Source data:
○ ○ ○ ○ ○ ○ ○

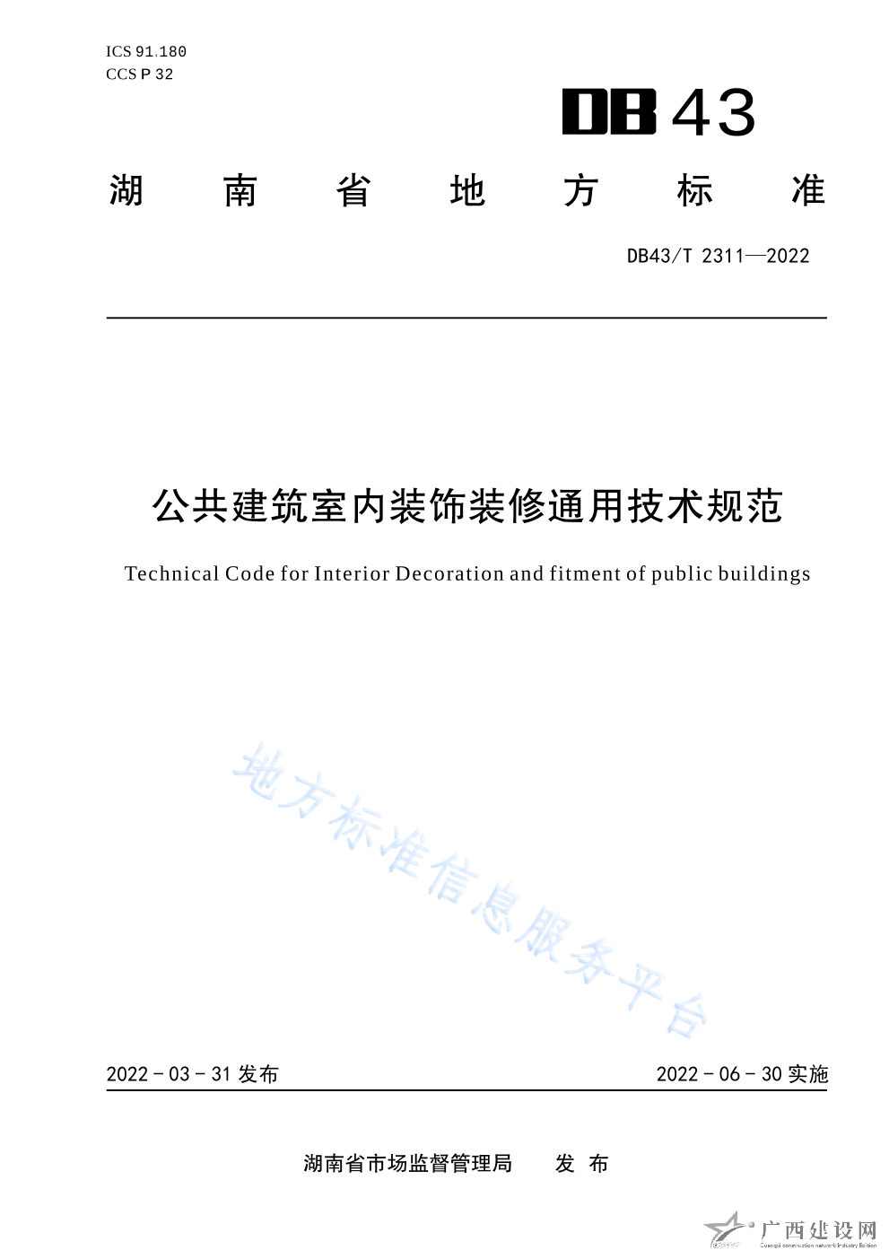 DB43 T2311-2022公共建筑室內裝飾裝修通用技術規范
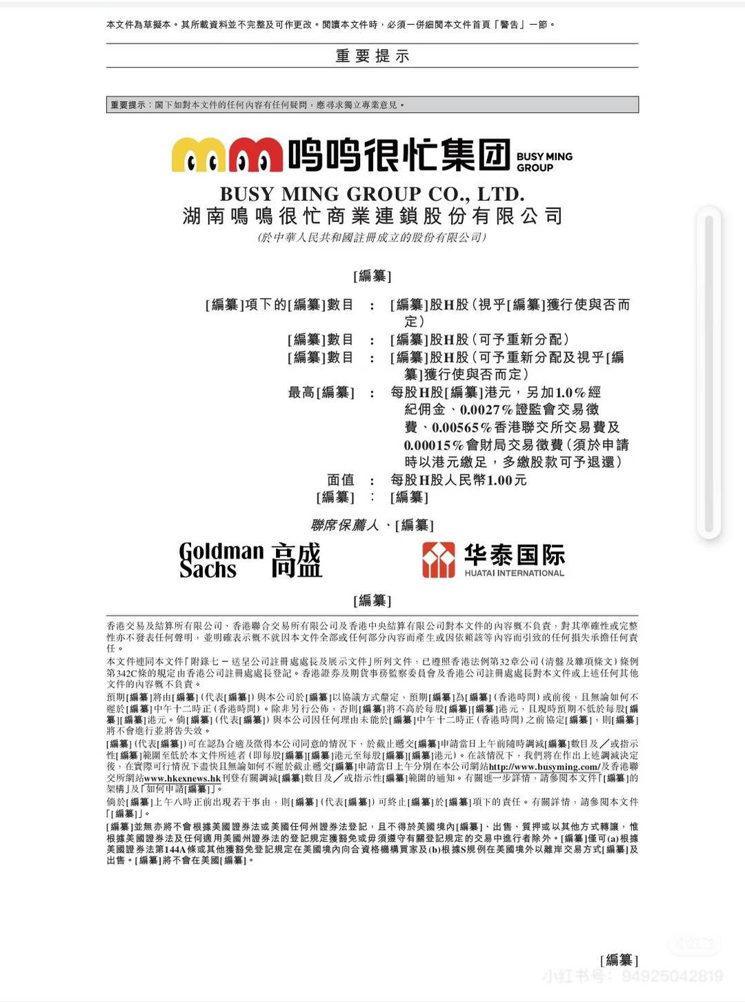 扬子晚报网1月9日讯(记者范晓林薄云峰实习生潘伊笑)湖南鸣鸣很忙商业连锁股份有限公司(下称"鸣鸣很忙")已通过港交所上市聆讯,一旦上市,即将成 为港股"量贩零食第一股"。 | 編纂]項下的[編纂]數目 | | : [編纂]股H股(視乎[編纂]獲行使與否而 | | --- | --- | --- | | 定) | | | | [編纂]數目 | .. | [編纂]股H股(可予重新分配) | | [編纂]數目 | : | [編纂]股H股(可予重新分配及視乎[編 | | | | 纂]獲行使與否而定) | | 最高[編纂] : | | 每股H股[編纂]港元,另加1.0%經 | | | | 紀伊金、0.0027%證監會交易徵 | | | | 費、0.00565%香港聯交所交易費及 | | | | 0.00015%會財局交易徵費(須於申請 | | | | 時以港元繳足,多繳股款可予退還) | | 面值 | : | 每股H股人民幣1.00元 | | [編纂] | . . | [編纂] | 鸣鸣很忙招股书。 鸣鸣很忙本次IPO高盛、华泰国际为其联席保荐人;安永为其审计师。据同花顺(300033)资讯显示,鸣鸣很忙由成立于201 ...
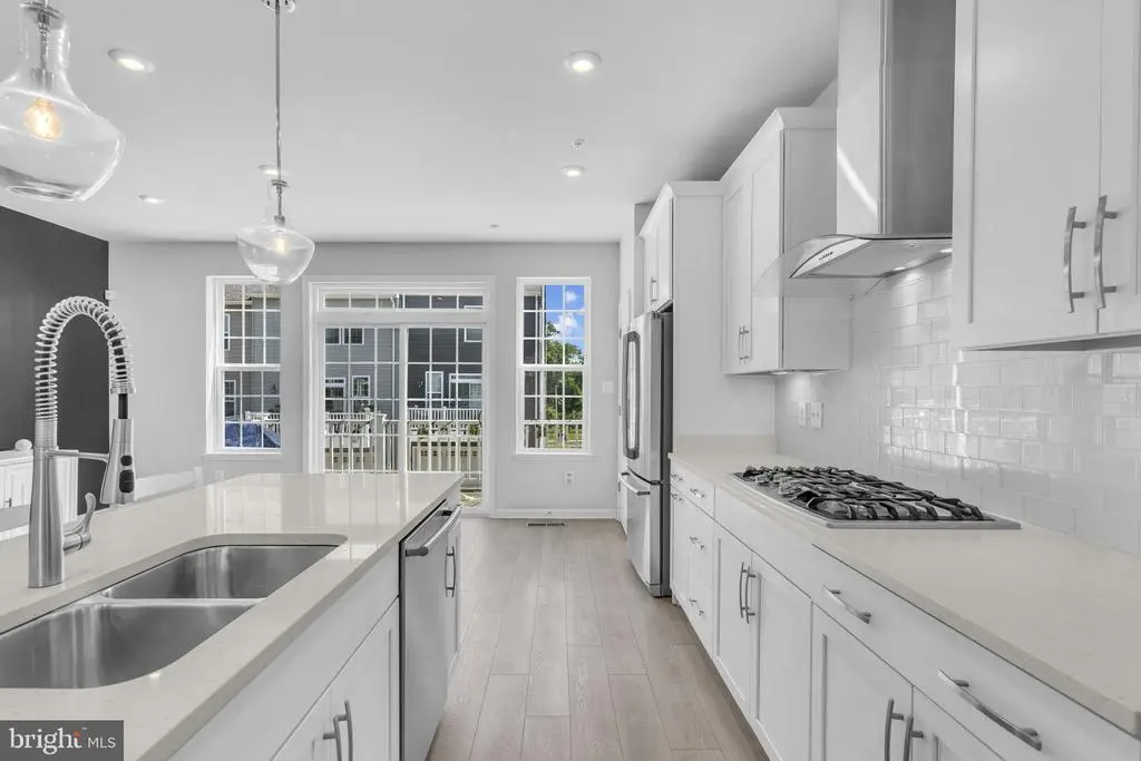Welcome to this beautifully maintained brick-front townhome in the sought-after Metro Pointe Community, offering over 3,000 square feet of thoughtfully designed living space. This spacious, almost new home features an open floor plan with modern finishes throughout. The expansive main level includes a separate dining area that leads to a sunny balcony, ideal for relaxing or entertaining. The oversized kitchen is a chef’s dream with a large island and breakfast bar, stainless steel appliances, tiled backsplash, and abundant cabinetry. Elegant wood floors flow from the main level into the upstairs hallway and primary bedroom, creating a warm and cohesive feel. The upper level boasts a large primary suite complete with a walk-in closet and a well-appointed en-suite bath. The lower level has a spacious flex space right off of the entry that can be used as an office, family room or 4th bedroom, along with a full bath. Parking is a breeze with an attached two-car garage plus additional driveway space. Ideally located just minutes from Downtown DC, and close to shopping, restaurants, grocery stores, and easy access to Route 50 and the Beltway. A must-see home offering comfort, style, and convenience!
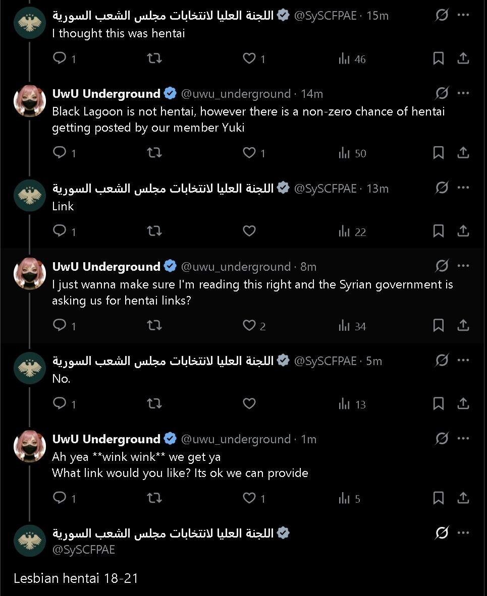 Мем: Нетрадиционный ХЕНТАЙ с девушками* захотел официальный аккаунт сирийского правительства — он попросил одного из твиттерских ссылку на
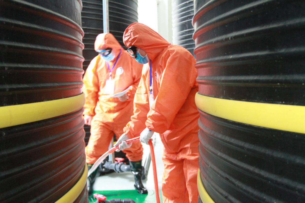 到達(dá)事故發(fā)生現(xiàn)場(chǎng),醫(yī)療救護(hù)組迅速將受傷人員轉(zhuǎn)移至安全區(qū)域,按救護(hù)要求進(jìn)行現(xiàn)場(chǎng)應(yīng)急救護(hù),并同時(shí)撥打120急救電話,將傷者送醫(yī)院救治。隨后現(xiàn)場(chǎng)處置組搶修人員穿戴防護(hù)服進(jìn)入事故現(xiàn)場(chǎng),關(guān)閉相連儲(chǔ)液罐的聯(lián)通閥門并找到漏點(diǎn),用專業(yè)工具進(jìn)行堵漏,在漏點(diǎn)周圍圍堰攔截泄漏的次氯酸鈉,并進(jìn)行稀釋、中和,然后收集處理最后將罐體中的剩余次氯酸鈉溶液轉(zhuǎn)至備用罐中。在確認(rèn)事故現(xiàn)場(chǎng)漏點(diǎn)無泄漏后匯報(bào)給現(xiàn)場(chǎng)總指揮。演練結(jié)束后,現(xiàn)場(chǎng)指揮進(jìn)行了總結(jié),認(rèn)真分析了演練過程中暴露出的一些問題,為處置預(yù)案的進(jìn)一步完善提供了一手資料。
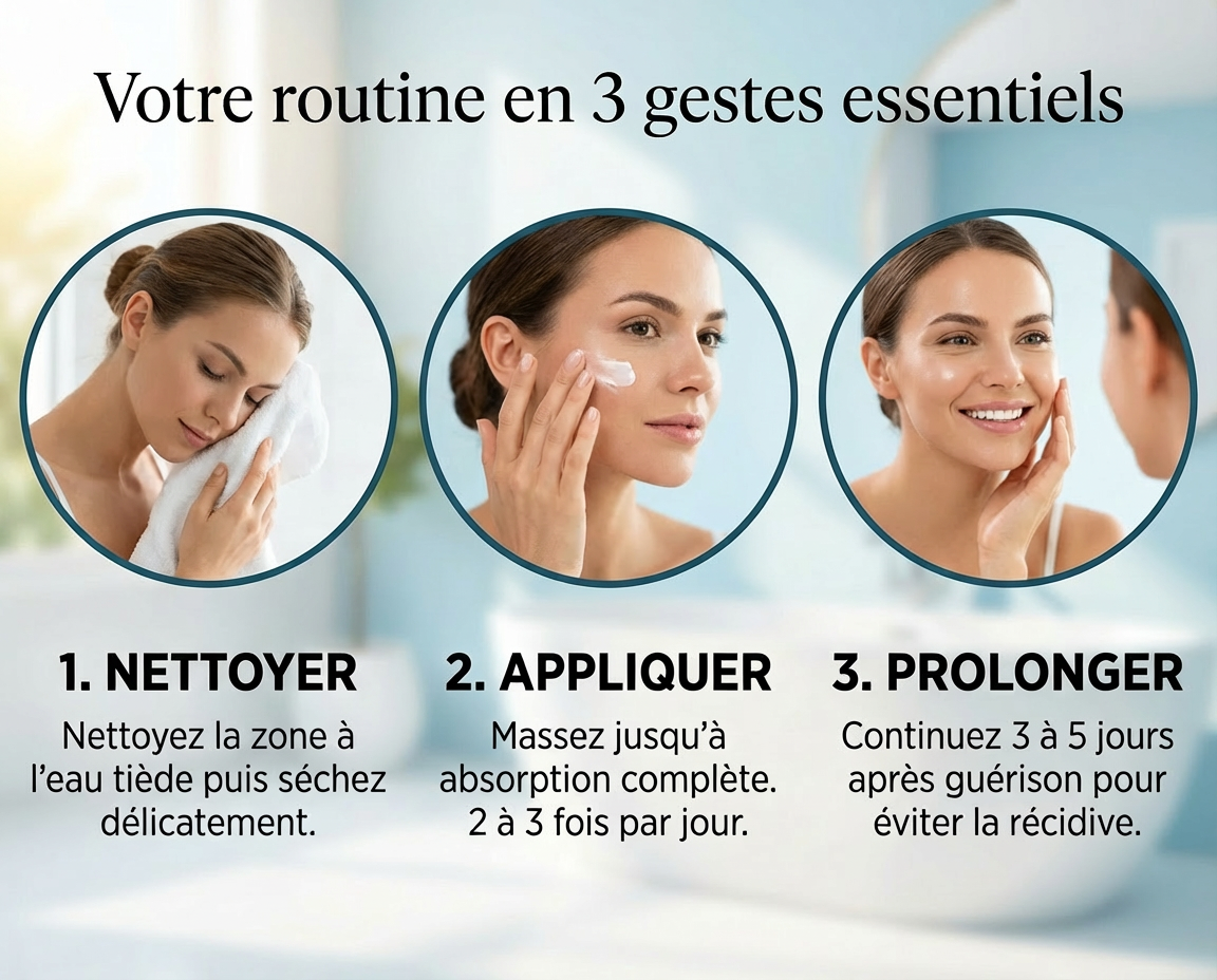 - Poursuivre l’application quelques jours après amélioration afin de prolonger l’apaisement.
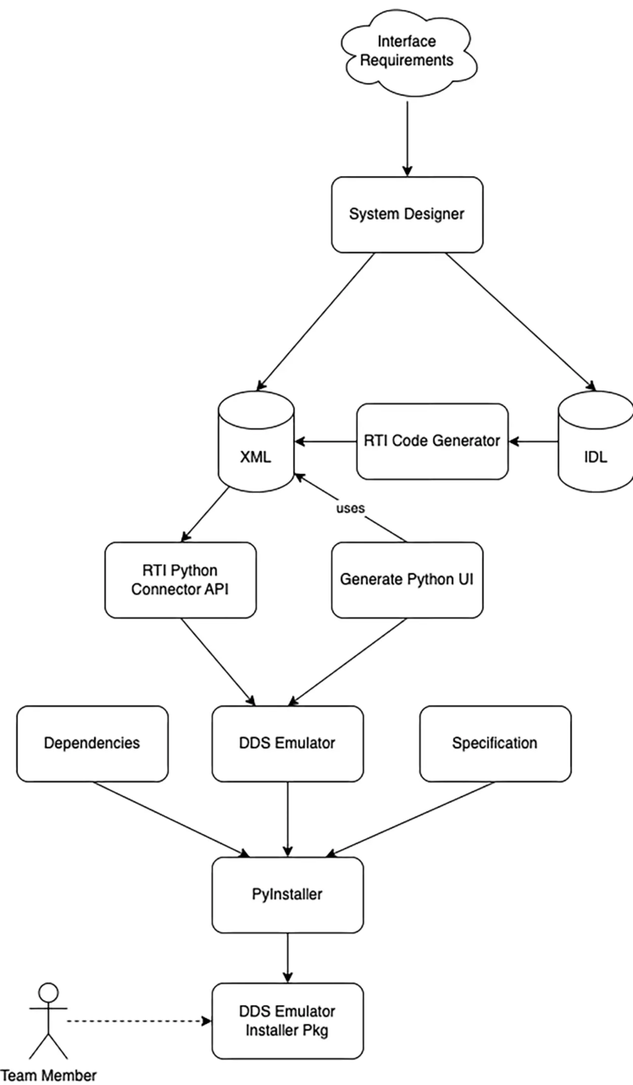 Die Einrichtung und Konfiguration des DDS-Emulators erwies sich als zeitaufwändig. Darum kann der PyInstaller zum Einsatz, um die Phyton-Skripte, Pip-Bibliotheken und Connext in eine leichtgewichtige, ausführbare Datei zu packen, die ohne weitere Konfiguration mit der Anwendung kommunizieren kann. Ein Build-Skript konvertierte die neuesten IDL-Dateien in XML-Dateien, bündelte sie mit dem DDS-Emulator, fügte sie der Pipeline hinzu und stellte sie der zu testenden Anwendung zur Verfügung.

○ ○ ○ ○ ○ ○ ○

— YOUR TASK —
What is needed is an exact copy of only the lines above from the one with "編纂]項下的[編纂]數目 | |" to the one with "Мем: Нетрадиционный ХЕНТАЙ", both kept, with every picture left out.

— RESPONSE AREA —
 扬子晚报网1月9日讯(记者范晓林薄云峰实习生潘伊笑)湖南鸣鸣很忙商业连锁股份有限公司(下称"鸣鸣很忙")已通过港交所上市聆讯,一旦上市,即将成 为港股"量贩零食第一股"。 | 編纂]項下的[編纂]數目 | | : [編纂]股H股(視乎[編纂]獲行使與否而 | | --- | --- | --- | | 定) | | | | [編纂]數目 | .. | [編纂]股H股(可予重新分配) | | [編纂]數目 | : | [編纂]股H股(可予重新分配及視乎[編 | | | | 纂]獲行使與否而定) | | 最高[編纂] : | | 每股H股[編纂]港元,另加1.0%經 | | | | 紀伊金、0.0027%證監會交易徵 | | | | 費、0.00565%香港聯交所交易費及 | | | | 0.00015%會財局交易徵費(須於申請 | | | | 時以港元繳足,多繳股款可予退還) | | 面值 | : | 每股H股人民幣1.00元 | | [編纂] | . . | [編纂] | 鸣鸣很忙招股书。 鸣鸣很忙本次IPO高盛、华泰国际为其联席保荐人;安永为其审计师。据同花顺(300033)资讯显示,鸣鸣很忙由成立于201 ...
Welcome to this beautifully maintained brick-front townhome in the sought-after Metro Pointe Community, offering over 3,000 square feet of thoughtfully designed living space. This spacious, almost new home features an open floor plan with modern finishes throughout. The expansive main level includes a separate dining area that leads to a sunny balcony, ideal for relaxing or entertaining. The oversized kitchen is a chef’s dream with a large island and breakfast bar, stainless steel appliances, tiled backsplash, and abundant cabinetry. Elegant wood floors flow from the main level into the upstairs hallway and primary bedroom, creating a warm and cohesive feel. The upper level boasts a large primary suite complete with a walk-in closet and a well-appointed en-suite bath. The lower level has a spacious flex space right off of the entry that can be used as an office, family room or 4th bedroom, along with a full bath. Parking is a breeze with an attached two-car garage plus additional driveway space. Ideally located just minutes from Downtown DC, and close to shopping, restaurants, grocery stores, and easy access to Route 50 and the Beltway. A must-see home offering comfort, style, and convenience!
 Мем: Нетрадиционный ХЕНТАЙ с девушками* захотел официальный аккаунт сирийского правительства — он попросил одного из твиттерских ссылку на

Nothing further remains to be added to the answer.